Global Discovery Chemistry, Novartis Institutes for Biomedical Research, Basel, Switzerland.
PLoS One. 2013 Apr 16;8(4):e61007. doi: 10.1371/journal.pone.0061007. Print 2013.
The biochemical half maximal inhibitory concentration (IC50) is the most commonly used metric for on-target activity in lead optimization. It is used to guide lead optimization, build large-scale chemogenomics analysis, off-target activity and toxicity models based on public data. However, the use of public biochemical IC50 data is problematic, because they are assay specific and comparable only under certain conditions. For large scale analysis it is not feasible to check each data entry manually and it is very tempting to mix all available IC50 values from public database even if assay information is not reported. As previously reported for Ki database analysis, we first analyzed the types of errors, the redundancy and the variability that can be found in ChEMBL IC50 database. For assessing the variability of IC50 data independently measured in two different labs at least ten IC50 data for identical protein-ligand systems against the same target were searched in ChEMBL. As a not sufficient number of cases of this type are available, the variability of IC50 data was assessed by comparing all pairs of independent IC50 measurements on identical protein-ligand systems. The standard deviation of IC50 data is only 25% larger than the standard deviation of Ki data, suggesting that mixing IC50 data from different assays, even not knowing assay conditions details, only adds a moderate amount of noise to the overall data. The standard deviation of public ChEMBL IC50 data, as expected, resulted greater than the standard deviation of in-house intra-laboratory/inter-day IC50 data. Augmenting mixed public IC50 data by public Ki data does not deteriorate the quality of the mixed IC50 data, if the Ki is corrected by an offset. For a broad dataset such as ChEMBL database a Ki- IC50 conversion factor of 2 was found to be the most reasonable.

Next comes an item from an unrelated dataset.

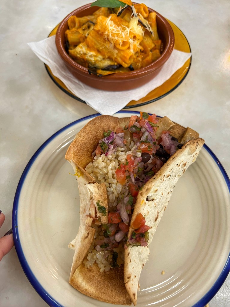 - Flax & Kale – There are several locations for Flax & Kale. They partner with Teresa Carles and have their own line of vegetarian foods you can buy and take home to cook, like a small grocery store. $$

生化半数最大抑制浓度(IC50)是在先导化合物优化中最常用于靶标活性的指标。它用于指导先导化合物优化,基于公共数据构建大规模的化学生物基因组分析、非靶标活性和毒性模型。然而,使用公共生化 IC50 数据存在问题,因为它们是特定于检测方法的,并且仅在某些条件下才具有可比性。对于大规模分析,手动检查每个数据条目是不可行的,因此即使没有报告检测信息,也非常诱人将所有可用的公共数据库中的 IC50 值混合在一起。正如之前对 Ki 数据库分析的报道,我们首先分析了 ChEMBL IC50 数据库中可能存在的错误类型、冗余性和可变性。为了评估在两个不同实验室独立测量的 IC50 数据的可变性,在 ChEMBL 中搜索了至少十个相同蛋白配体系统针对相同靶标在两个不同实验室中独立测量的 IC50 数据。由于这种情况的数量不足,因此通过比较相同蛋白配体系统的所有独立 IC50 测量值来评估 IC50 数据的可变性。IC50 数据的标准偏差仅比 Ki 数据的标准偏差大 25%,这表明即使不知道检测条件的细节,混合来自不同检测方法的 IC50 数据只会给整体数据增加适度的噪声。正如预期的那样,公共 ChEMBL IC50 数据的标准偏差大于内部实验室/日间 IC50 数据的标准偏差。如果 Ki 通过偏移进行校正,则混合公共 Ki 数据不会降低混合 IC50 数据的质量。对于像 ChEMBL 数据库这样广泛的数据集,发现 Ki-IC50 转换因子为 2 是最合理的。